Figure 8. Maximum-likelihood phylogenetic tree of NifH sequences obtained from the stems of four rice genotypes and amplified by the nifH primer set. OTUs with a mean relative abundance of ≥1% in at least one rice genotype were used. Bootstrap values of ≥50% are indicated at their respective nodes. Reference type strains are indicated with superscript “†.” The backgrounds of the reference strains are colored according to the sugar (sucrose and/or glucose) utilization capacity of those bacteria based on the data from (1) Lee et al. (2013); (2) Staley (1984); (3) Kuykendall et al. (2015); (4) Dall'Agnol et al. (2013); (5) Baldani et al. (2015); (6) Hungria et al. (1993); (7) Kuykendall (2015); (8) Sajnaga and Jach (2020); (9) Ahnia et al. (2018); (10) Reis et al. (2004); (11) Chen et al. (2006); (12) Coenye et al. (2001); (13) Wolterink et al. (2005); (14) Weon et al. (2008); (15) Qiu et al. (2017); (16) Hardoim et al. (2013); (17) Xu et al. (2020); (18) Ueki et al. (2006); (19) Olsen (2015); (20) Imhoff (2015b); (21) Diaz-Barrera et al. (2016); (22) Bae et al. (2006); (23) Norris et al. (2015); and (24) Patrick and McDowell (2015). The black-and-white shading in the columns on the right-hand of the NifH-OTU name indicates the mean relative abundance of the NifH-OTUs in each rice genotype (n = 2 for Nipponbare; n = 3 for agpl1, Leafstar, and CG14). When the groups were clustered with known sequences from a single class, the class name was added. The NifH cluster classification was defined from I to IV by Zehr et al. (2003) based on the clustering in the phylogenetic tree.

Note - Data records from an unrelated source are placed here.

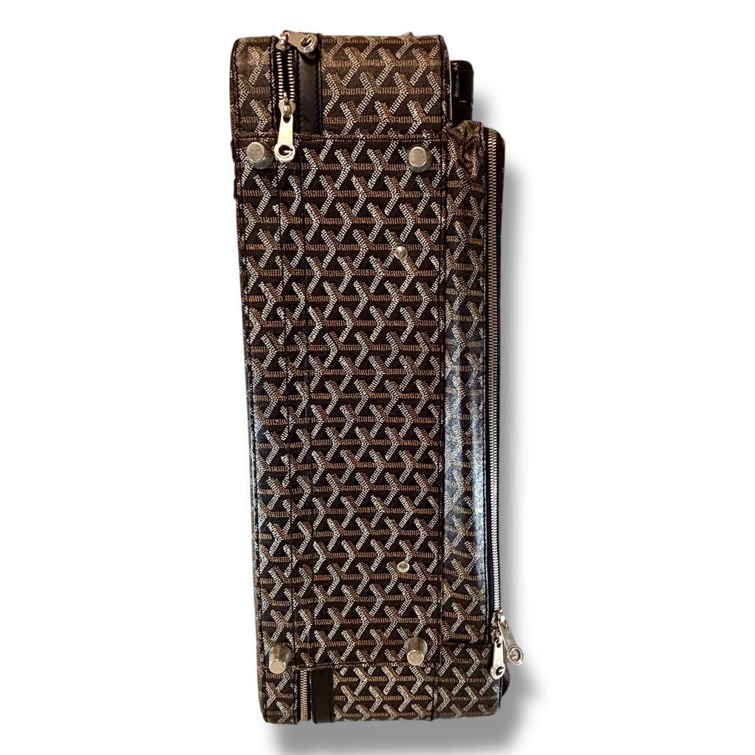 This GOYARD Saint Louis Trolley PM suitcase is a fantastic vintage find! The herringbone pattern is timeless, and despite minor scratches, it’s in great condition. The telescopic handle, carry bar, and wheels work smoothly, and the exterior has been carefully polished. Perfect for travel with a touch of luxury!
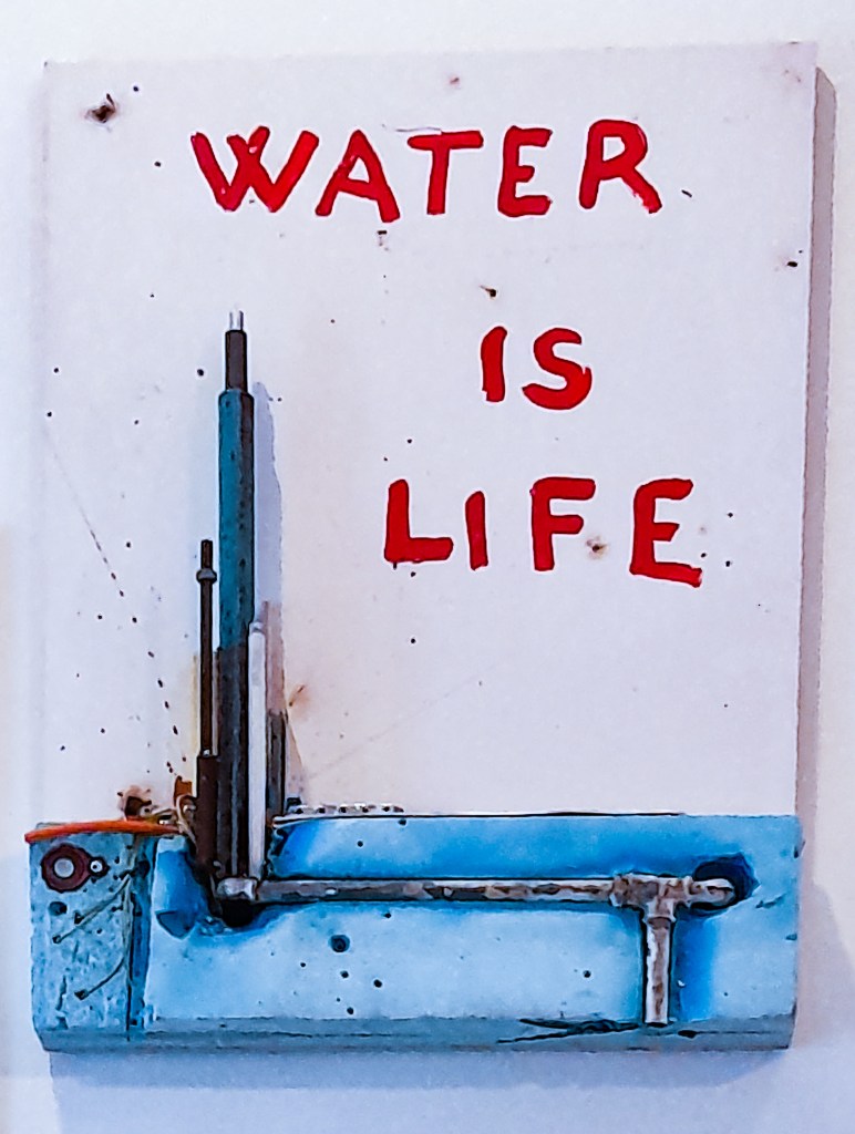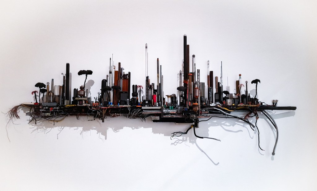 The first three pieces I picked out here were the first ones I saw in this adventure of an exhibition. They depict city scapes and buildings using recycled materials and lots of wires. One of the unique areas where Kintera stands out is his use of recycled materials to depict scenes. The vast majority of what makes up his work is recycled materials that can’t serve their purpose anymore, and Kintera gives them a beautiful new meaning by using them as art and to make his art. His depictions of city-scapes and buildings are unique not only due to what they’re made out of, but also due to how Kintera also focuses on whats underneath the city. A city isn’t just what we can see, its the invisible parts that we aren’t always aware of, like water lines, sewage pipes and electricity which reaches us and connects us underground. When we think of a city we think of the buildings we can see, not the aspects underground that make cities function and work, which is a unique take by Kintera I haven’t seen many or any landscape artists focus on. These pieces are so interesting to me as he has dissected the Urban Landscape to show us aspects of city structures we don’t always think of, and show their importance. The 3D aspects of these pieces, by using wires add so much depth and texture, you find yourself staring for a long while picking out each object he uses whether its a broken phone, wires or an old motherboard.
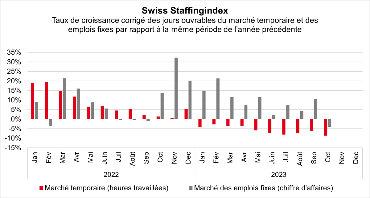 En octobre, le marché temporaire, comme celui des emplois fixes, ont accusé un recul net. Les heures travaillées dans le cadre de la location de services ont diminué de 8,7 pour cent par rapport au même mois de l'année précédente. Le chiffre d'affaires réalisé avec les placements en emplois fixes a baissé de 4 pour cent. Autant d'indices révélateurs d'un changement de situation sur le marché. Le ralentissement de l'économie touche le marché du travail et conduit à de mauvais chiffres dans les deux secteurs d'activité des prestataires des services de l'emploi.
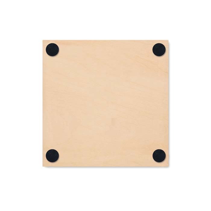 Διαφημιστικό Σουβέρ τετράγωνου σχήματος κατασκευασμένο από ξύλο κόντρα πλακέ με εκτύπωση του σχεδίου και των στοιχείων της επιχείρησής σας. Διαθέτει αντιολισθητικές σιλικονούχες βάσεις στο πίσω μέρος.

Community Analysis of Potential N-Fixing Bacteria
The relative abundance of OTUs from Bradyrhizobium sp. (class Alphaproteobacteria) and Paraburkholderia sp. (class Betaproteobacteria) was high in all samples of Nipponbare, agpl1, Leafstar, and CG14, and the total relative abundance of NifH representative OTUs (>1% relative abundance in at least one sample) classified as Bradyrhizobium sp. (NifH-OTU I5–I7) and Paraburkholderia sp. (NifH-OTU I10–I14) were 9.0, 8.0, 12.1, 3.7%, and 9.8, 5.7, 10.7, 6.1%, respectively (Figure 8, Supplementary Table 3). Similarly, in 16S rRNA, the relative abundance classified as Bradyrhizobium sp. (16S-OTU A8) and Paraburkholderia sp. (16S-OTU A8) were 2.6, 2.1, 5.2, 1.6%, and 0.7, 0.8, 3.7, 0.4% in Nipponbare, agpl1, Leafstar, and CG14, respectively (Figure 6, Supplementary Table 2). Five NifH-OTUs closely related to Brooklawnia sp. (phylum Actinobacteria) also had low amino-acid identity compared to the closest described species (93.4–94.4%). Furthermore, the total relative abundance of the representative sequences (NifH-OTU II5–9) was found to be 13.8, 12.5, 10.3, and 15.4% in Nipponbare, agpl1, Leafstar and CG14, respectively (Figure 8, Supplementary Table 3). The sequences matched or closely matched with those of uncultured bacterium (BAE45574.1 or BAE45569.1); however, the corresponding sequences of 16S rRNA were not found in this study.
The NifH-OTU I24 classified as Kosakonia sp. (class Gammaproteobacteria) was also abundant only in CG14 with a relative abundance of 3.5% (Figure 8, Supplementary Table 3). In 16S rRNA, 16S-OTU C1 classified as Kosakonia sp. was <0.06% compared with the relative abundance in Nipponbare, agpl1, and Leafstar; however, the relative abundance was 8.74% in CG14 (Figure 6, Supplementary Table 2).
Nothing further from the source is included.